Volgens paragraaf B2/2.7 van de Vreemdelingencirculaire 2000 (hierna: de Vc 2000) moeten de vreemdeling en de persoon bij wie deze wil verblijven, feitelijk samenwonen en een gemeenschappelijke huishouding voeren. Zij dienen ook naar buiten toe, bijvoorbeeld naar de werkgever, de belastingdienst en de zorgverzekeraar, hetzelfde adres te voeren.
2.1.2. In het besluit van 30 september 2008 heeft de staatssecretaris zich op het standpunt gesteld dat tussen de verklaringen van de vreemdeling en zijn echtgenote in de gehoren van 28 november 2006 ernstige tegenstrijdigheden zijn en dat gelet hierop tot de conclusie moet worden gekomen dat dient te worden getwijfeld aan de relatie van de vreemdeling en zijn echtgenote. Nu hieraan wordt getwijfeld is, volgens de staatssecretaris, niet voldaan aan de beperking waaronder de verblijfsvergunning is verleend en heeft hij op grond van artikel 18, eerste lid, aanhef en onder f, van de Vw 2000 de aanvraag tot het verlengen van de geldigheidsduur van een verblijfsvergunning regulier voor bepaalde tijd afgewezen.

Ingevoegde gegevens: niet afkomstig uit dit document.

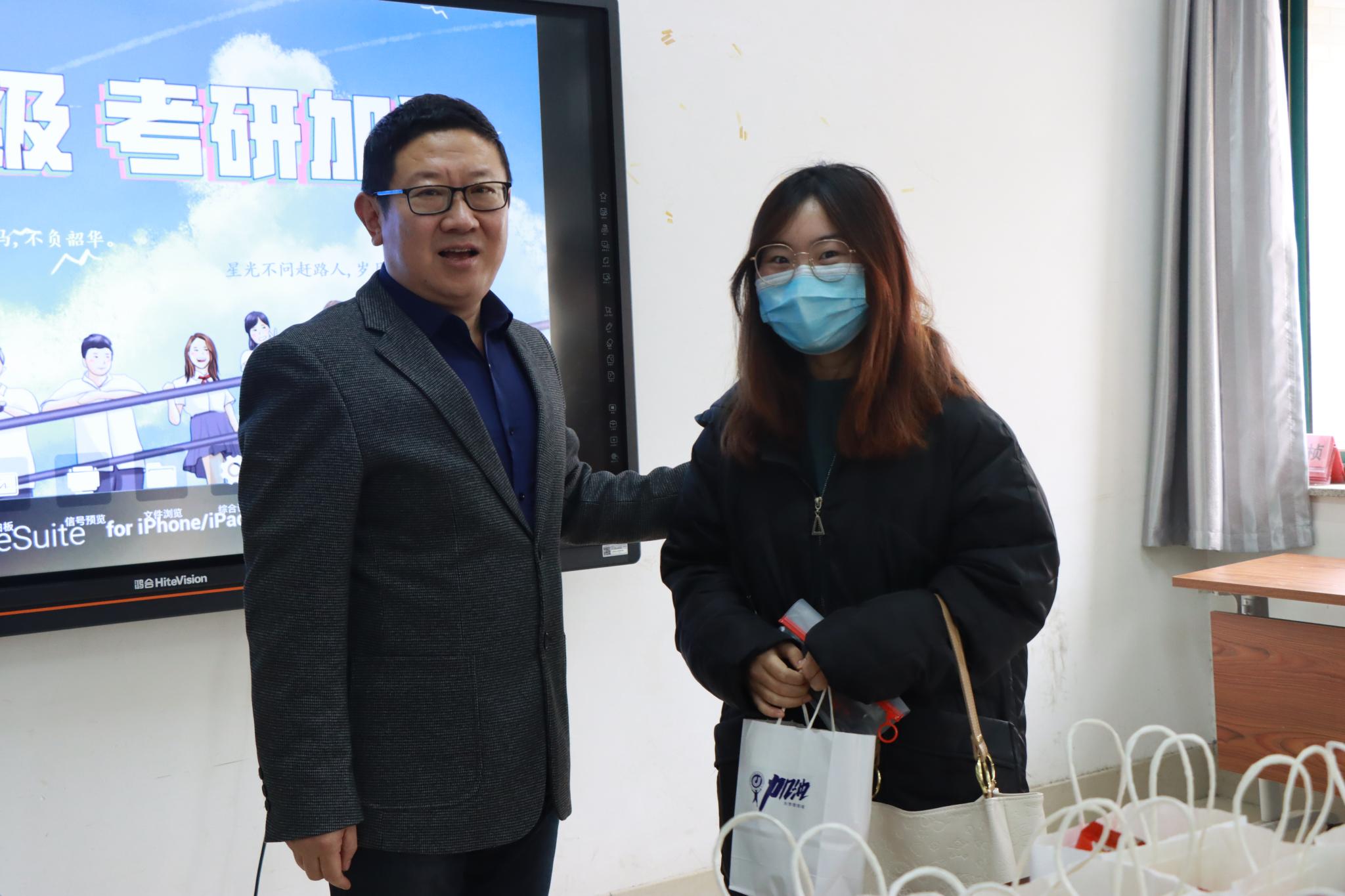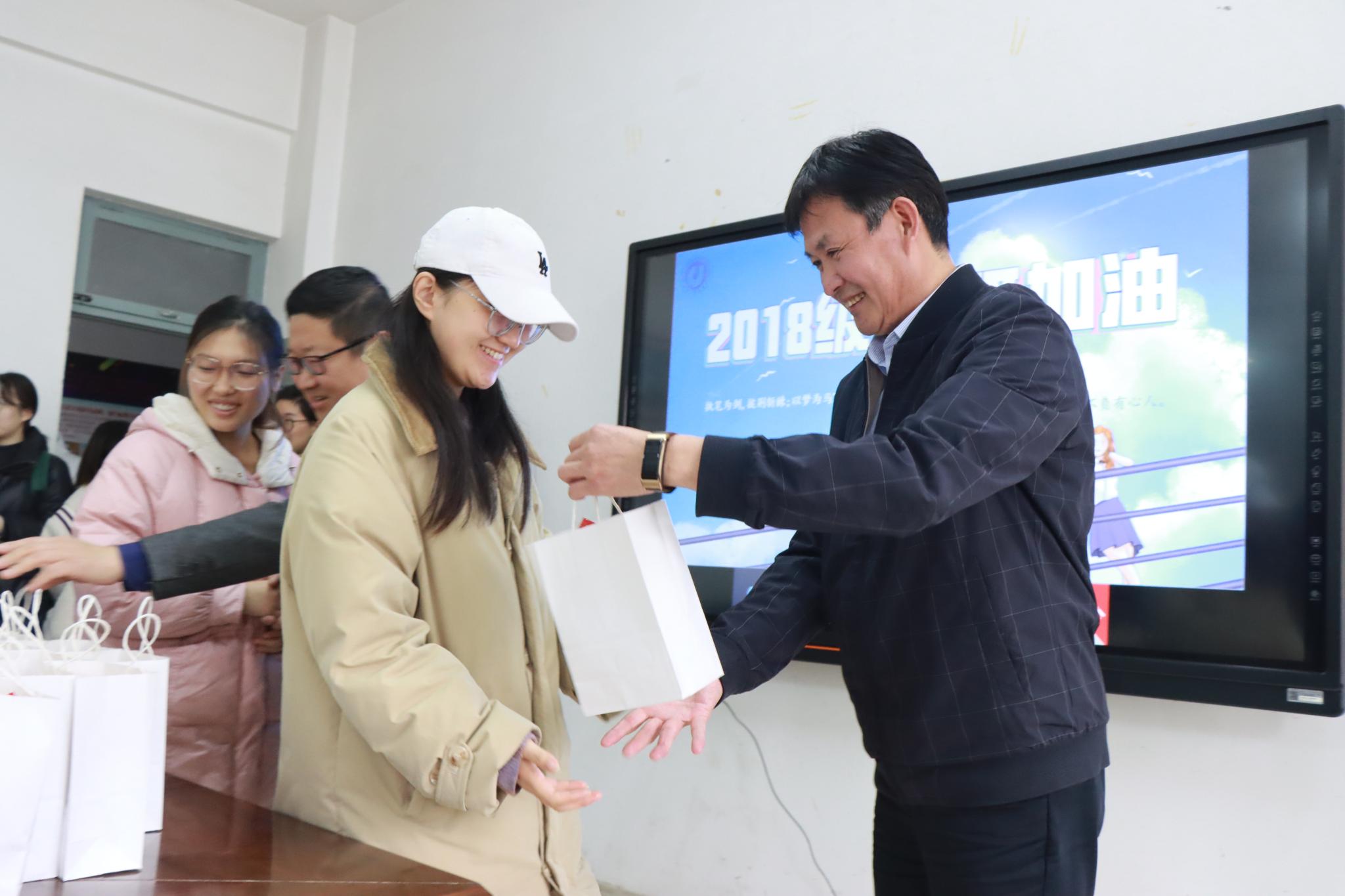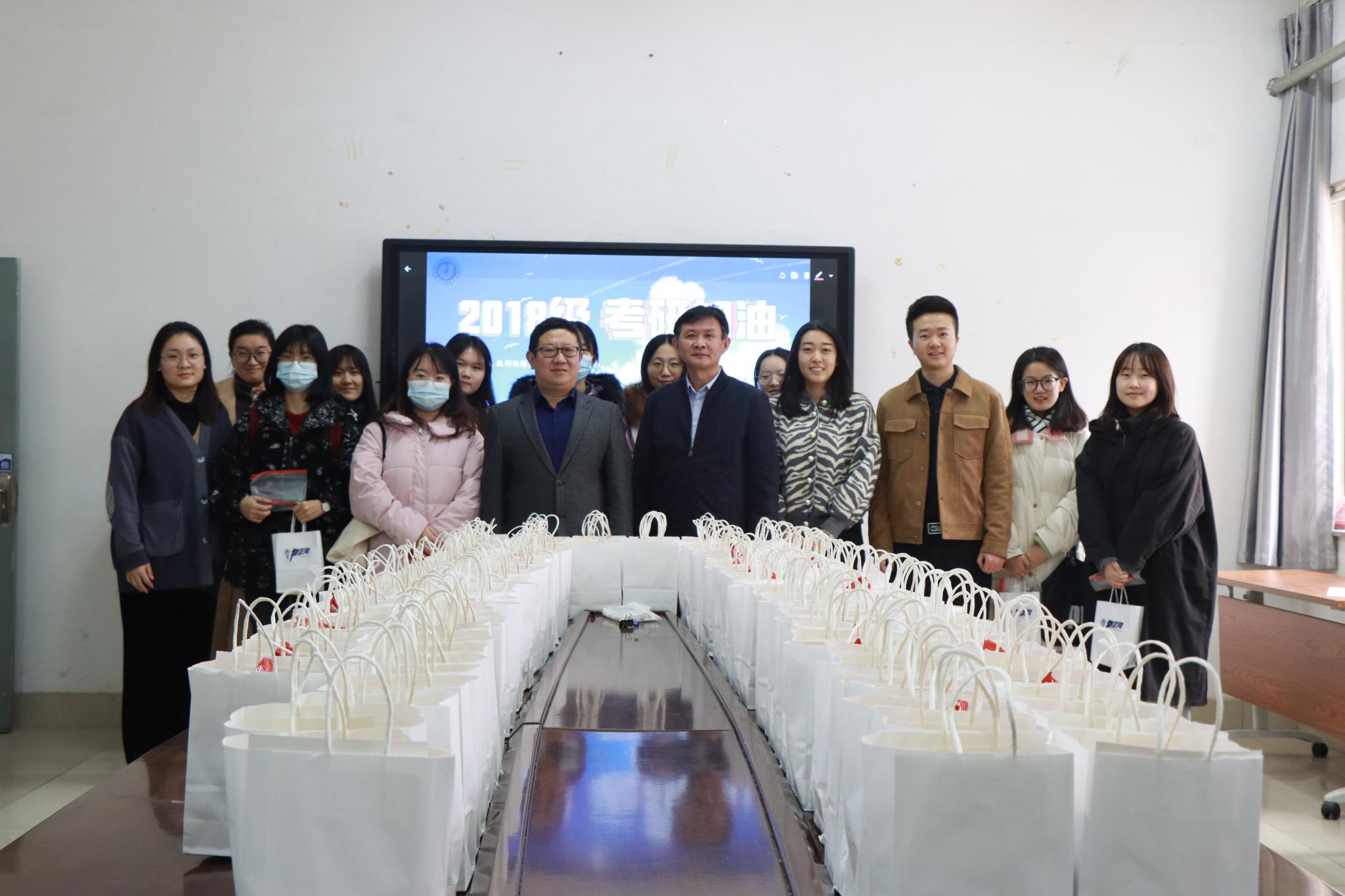 12月16日上午,近两百份“考研加油礼包”,由英国上市公司365党委书记王秋亮、副书记修蕾和全体辅导员老师,分发到了2018级考研学子手中。

2.1.3. In aanmerking genomen dat reeds uit de in voormelde paragraaf van de Vc 2000 gebruikte woorden ‘ook’ en 'bijvoorbeeld' moet worden afgeleid dat hierin geen uitputtende opsomming is gegeven van omstandigheden waaruit kan blijken dat sprake is van feitelijk samenwonen en het voeren van een gemeenschappelijke huishouding, heeft de rechtbank niet onderkend dat de staatssecretaris zich niet ten onrechte op het standpunt heeft gesteld dat twijfel bestaat of de vreemdeling en zijn echtgenote feitelijk samenwonen en een gemeenschappelijke huishouding voeren, aangezien zij op een groot aantal punten tegenstrijdig, althans verschillend, hebben verklaard, terwijl redelijkerwijs mag worden verwacht dat partners die een gemeenschappelijke huishouding voeren, over aspecten van die huishouding eenduidig kunnen verklaren. Derhalve heeft de rechtbank ten onrechte overwogen dat het besluit wegens strijd met artikel 7:12 van de Algemene wet bestuursrecht dient te worden vernietigd.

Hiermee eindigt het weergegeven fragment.